Supported cloud functions

Supported cloud functions are: Oracle Cloud Functions, AWS Lambdas, Azure Functions, Google Cloud Functions

Oracle cloud function example

Oracle cloud function specific example

How to create Google Cloud Function

Google cloud function example

Google cloud function specific example

Authentication options for Google Cloud Function

Allow function to be triggered without authentication from specific IP addresses list.
- To implement IP-based access control you can utilize Google Cloud Armor in conjunction with an HTTP(S) Load Balancer.
Bearer Token Authentication.
- Deploy the function with the --no-allow-unauthenticated flag.
- Assign appropriate roles (e.g., Cloud Functions Invoker) to the service account.
- Generate a key and share it with the PortaOne team so that the dispatcher application can generate a Bearer Token.
- Refer to Secure your Cloud Run function for detailed Google documentation.
Static Token Authentication.
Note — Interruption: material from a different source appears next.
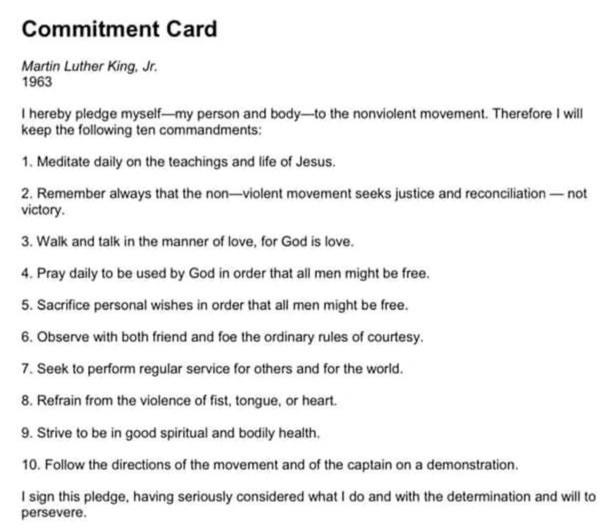 Then this image: plain text, no branding, no algorithms trying to seduce me with a fight. A simple heading—“Commitment Card.” A date—1963. Ten “commandments” Martin Luther King Jr. asked ordinary people to pledge themselves to as part of the nonviolent movement.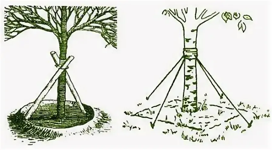 - Предохраняют молодой ствол от сгибания и искривления под воздействием сильного ветра.

Used in the example code. (May be deprecated in the future).
- Use a predefined token shared between the caller and the Cloud Function.
- Store the token securely as an environment variable in the Cloud Function.
- Validate the incoming request by comparing the Authorization header with the static token.

Code for the Google Cloud Function

Below is the example implementation of the required endpoints for the Text-to-Speech adapter using Golang. This code serves as a reference and may be adapted to suit other implementations or platforms; however, it must strictly adhere to the predefined interface to ensure compatibility.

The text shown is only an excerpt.